**WHAT THIS TASK INVOLVES**
Could the data below be copied exactly, minus the pictures?

**DATA BELOW**
· · ·

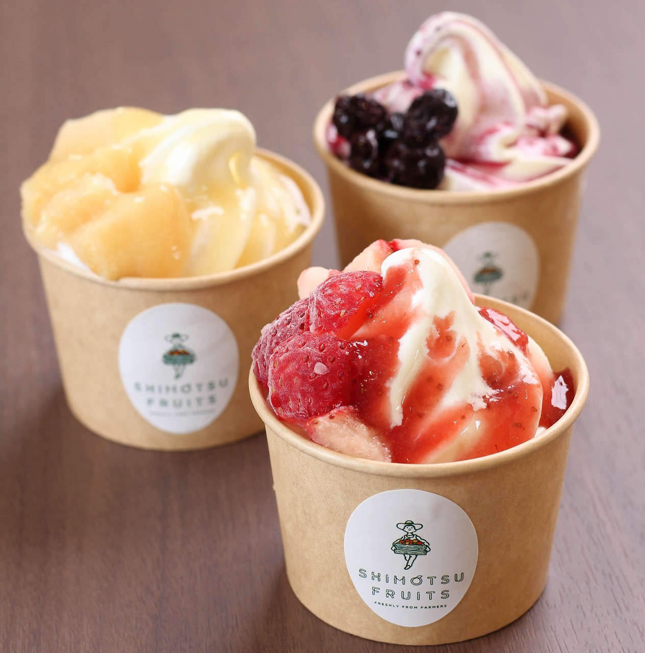 物産交流館内にある「SHIMOTSU FRUITS(フルーツ)」は、フルーツ王国・和歌山のバラエティー豊かな季節の果物と、黒沢牧場の濃厚ソフトクリームを使って手作りされたスイーツがそろうフルーツパーラー。
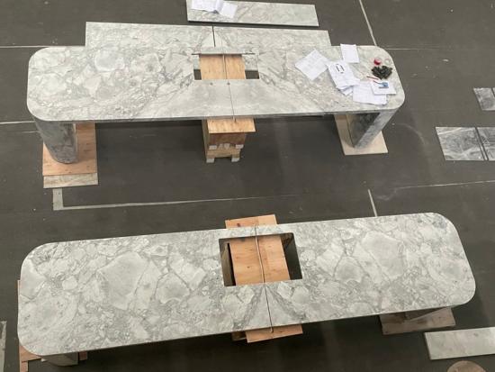 Las imágenes resaltan nuestro meticuloso proceso de fabricación a medida, con recortes funcionales integrados para tecnología y cableado, lo que garantiza un espacio de trabajo limpio y profesional. Las propiedades reflectantes naturales de este material crean un ambiente luminoso y acogedor en cualquier vestíbulo, mientras que su veteado único asegura que cada escritorio sea una pieza irrepetible.
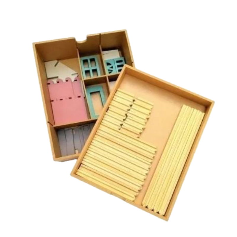- Base de madera de MDF de 15 mm, esmaltada. Tiene 20 ranuras para las columnas y 8 ranuras para poner las piezas de unión y juntarla a otra base.

· · ·

**RESPONSE TO THIS TASK**
 物産交流館内にある「SHIMOTSU FRUITS(フルーツ)」は、フルーツ王国・和歌山のバラエティー豊かな季節の果物と、黒沢牧場の濃厚ソフトクリームを使って手作りされたスイーツがそろうフルーツパーラー。
 Las imágenes resaltan nuestro meticuloso proceso de fabricación a medida, con recortes funcionales integrados para tecnología y cableado, lo que garantiza un espacio de trabajo limpio y profesional. Las propiedades reflectantes naturales de este material crean un ambiente luminoso y acogedor en cualquier vestíbulo, mientras que su veteado único asegura que cada escritorio sea una pieza irrepetible.
- Base de madera de MDF de 15 mm, esmaltada. Tiene 20 ranuras para las columnas y 8 ranuras para poner las piezas de unión y juntarla a otra base.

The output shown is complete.